Как-то раз, спускаясь с вершины горы, я заметил в конце сада Виргинию, бежавшую к дому, покрыв голову юбочкой, которую она вывернула сзади, дабы защититься от проливного дождя.
Издали мне показалось, что она одна; однако, подойдя ближе, чтобы помочь ей идти, я увидел, что она держала под руку Поля, почти совсем скрытого тем же покровом; оба они смеялись тому, что находятся под прикрытием зонта собственного изобретения. Эти две прелестных головки, прячущиеся под надувшейся юбочкой, напомнили мне детей Леды, заключенных в одной скорлупе.
Все их учение состояло в угождении и помощи друг другу. В остальном они были невежественны, как креолы, и не умели ни читать, ни писать.
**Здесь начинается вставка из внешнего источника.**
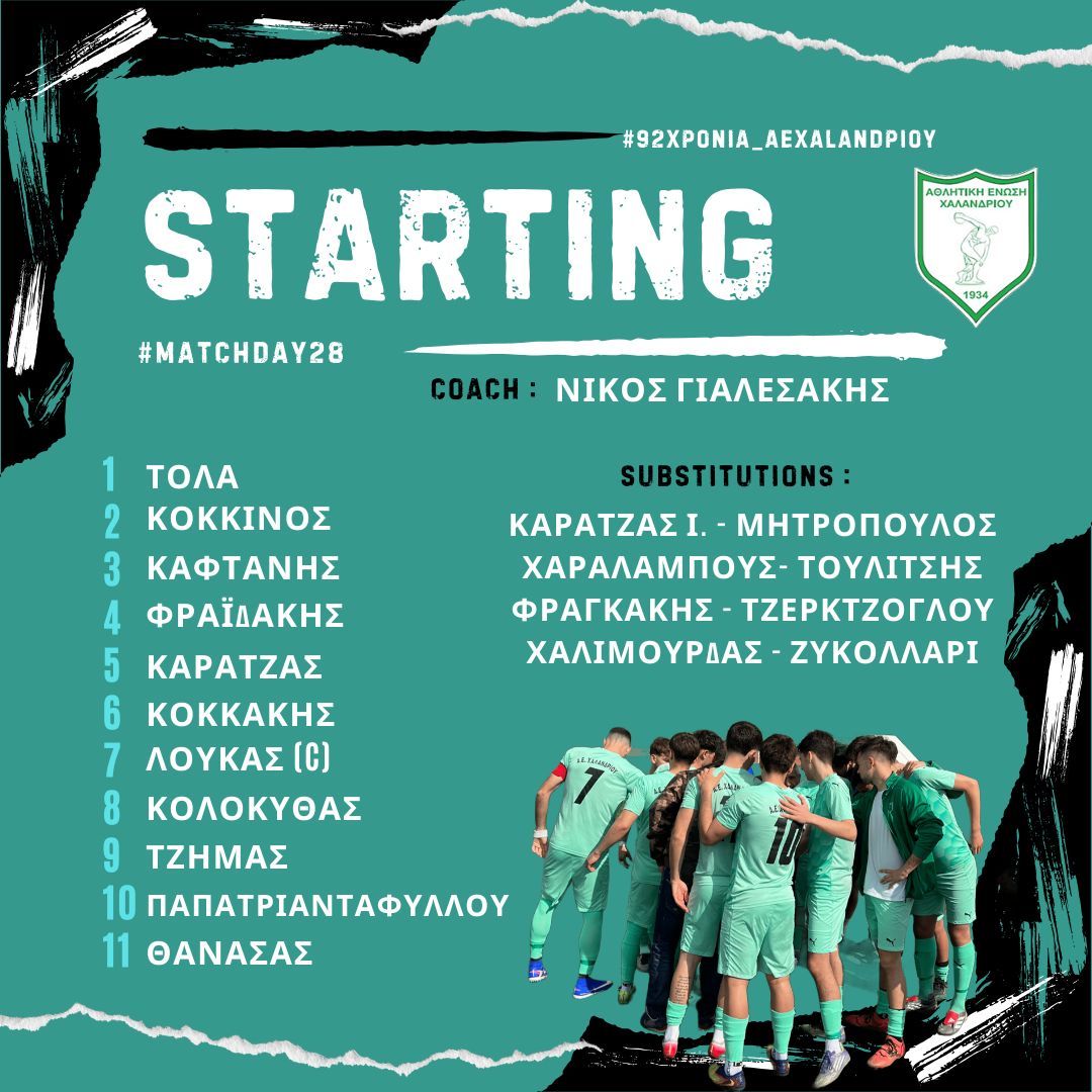 ΑΕ Χαλανδρίου-Νίκος Γιαλεσάκης: Αντώνιο Τόλα, Γρηγόρης Κόκκινος (83’ Γιάννης Μητρόπουλος), Σταυρίλειος Καφτάνης, Νίκος Φραϊδάκης, Κωνσταντίνος Καρατζάς, Πέτρος Κοκκάκης, Νίκος Λουκάς, Αντώνης Κολοκυθάς (73’ Ρίζος Τζερκτζόγλου), Νίκος Τζήμας, Μανώλης Παπατριανταφύλλου, Παναγιώτης Θανασάς (78’ Άγγελος Ζυκολλάρι)
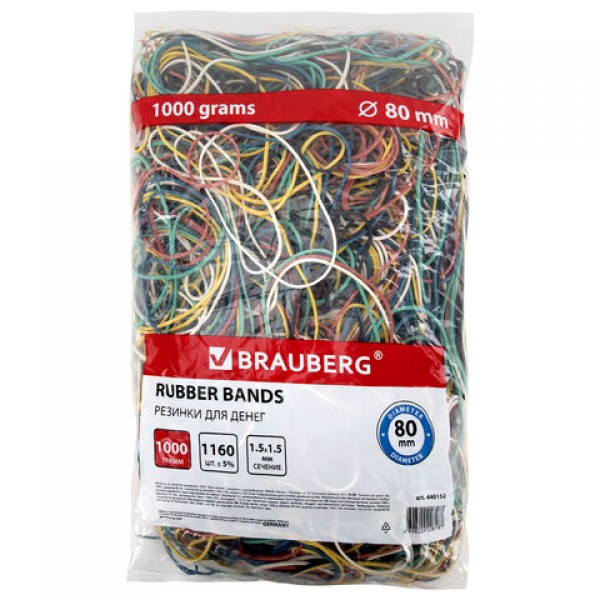 Резинки банковские универсальные диаметром 80 мм, BRAUBERG 1000 г, цветные, натуральный каучук, 440152

Их не интересовало то, что происходило в отдаленные времена, вдали от них; их любознательность не простиралась дальше этой горы. Они верили, что мир кончается там, где кончается их остров, и они не мыслили ничего любезного там, где не было их. Взаимная любовь и любовь матерей составляла всю деятельность их душ. Никогда бесполезные науки не вызывали у них слез, никогда уроки жалкой морали не наполняли их скукой. Они не знали, что не следует красть, ибо все у них было общим, ни — быть невоздержанными, ибо у них было вдоволь простых блюд, ни — быть лгунами, ибо не имели нужды скрывать истину. Их никогда не устрашали, говоря, что господь посылает ужасные наказания неблагодарным детям; их детская любовь родилась из любви материнской. Их учили в религии лишь тому, что́ заставляет любить ее, и ежели они подолгу не молились в церкви, то, где бы они ни были — в доме, в полях, в лесах, — они возносили к небу невинные руки и сердца, исполненные любви к родным своим.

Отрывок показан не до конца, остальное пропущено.